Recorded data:
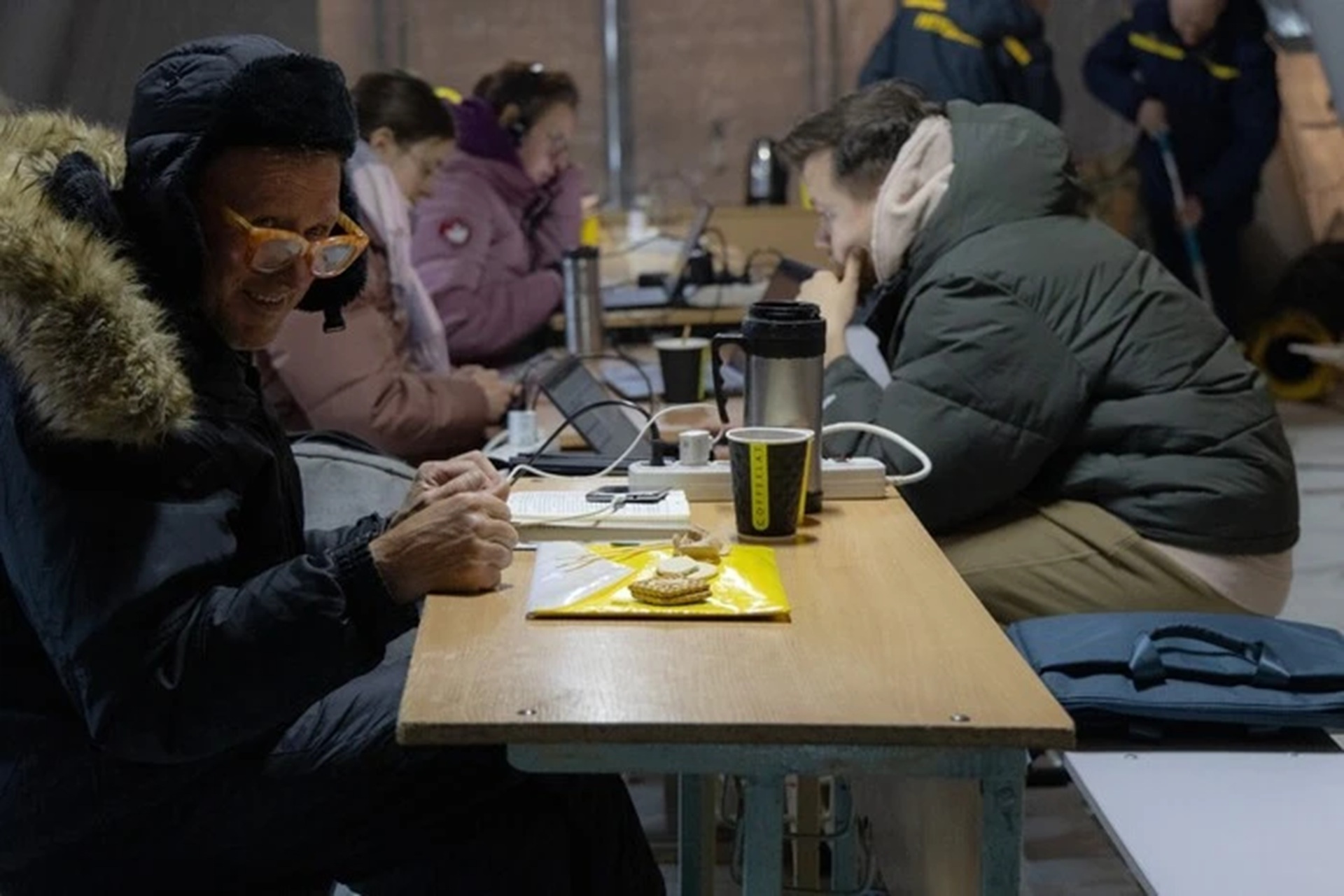 Люди в «пункті незламності» в Києві / Фото: ДСНС
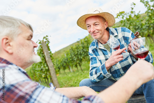 Erntehelfer tragen eine Kiste mit Weintrauben
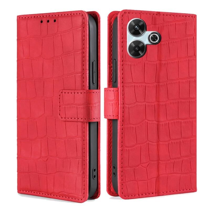 For Redmi 13 4G Skin Feel Crocodile Magnetic Clasp Leather Phone Case(Red)
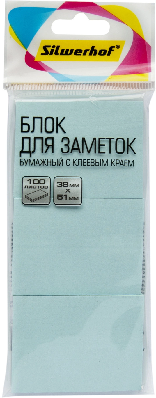 Блок самоклеящийся бумажный Silwerhof 38x51мм 100лист. 75г/ м2 пастель голубой европодвес (упак.:3шт) (продается кратно 12 шт.)
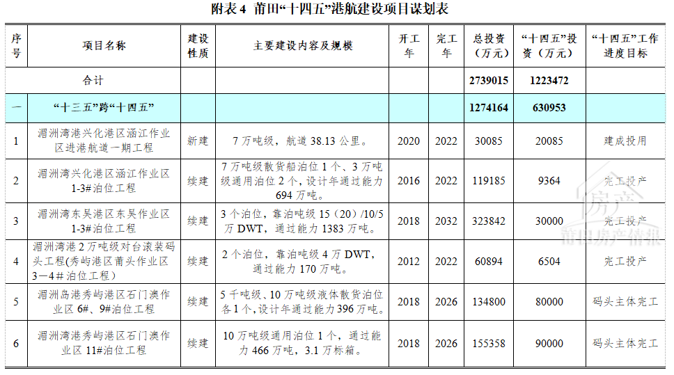 积极开辟对台航线和内贸航线并加密航班,探索开行中欧班列,打造“一带一路”互联互通枢纽;以东吴港区为核心,打造东南大宗散货枢纽港,充分把握湄洲湾港40万吨铁矿石码头列入国家布局有利契机,强化东吴港区主枢纽港核心港区战略地位,推动各港区分工协作、专业发展,发挥整合效应;集中力量加快东吴港区、兴化港区、秀屿港区集约化、现代化、规模化建设,提升航道等级规模和通航能力;以临港产业为支撑,建设海西产业集群工业港,推动临港产业发展,加快推动福建(莆田)国家新能源产业创新示范区建设,哈纳斯莆田液化天然气(LNG)项目码头工程建设;以妈祖文化为纽带,发展世界文化旅游港,拓展港口旅游客运功能,推动水路客运体系优化,加强构建秀屿、湄洲岛、南日岛旅游航道,进一步完善旅游基础设施;加快港区配套设施和后方集疏运铁路建设,拓展对内通道与内陆腹地辐射范围,提升整体竞争力。重点建成兴化港区涵江作业区1-3#、秀屿港区莆头作业区3-4#泊位、秀屿港区石门澳工业园区配套码头泊位等工程,开工(复工)建设东吴港区东吴作业区1-3#、4-6#泊位、秀屿港区石门澳作业区7#、8#、10#、12#、莆头作业区5-6#等泊位工程,启动海域已获批、手续完备的罗屿作业区11-15#泊位建设。加强仙游枫亭作业点3000吨级散货泊位、15公里3000吨级进港航道。

- Work to complete
Quote the data above exactly from the line with "Erntehelfer tragen eine" to the line with "Блок самоклеящийся бумажный", both ends counted, and nothing else. Pictures don't go in.

- Response
 Erntehelfer tragen eine Kiste mit Weintrauben
 For Redmi 13 4G Skin Feel Crocodile Magnetic Clasp Leather Phone Case(Red)
 Блок самоклеящийся бумажный Silwerhof 38x51мм 100лист. 75г/ м2 пастель голубой европодвес (упак.:3шт) (продается кратно 12 шт.)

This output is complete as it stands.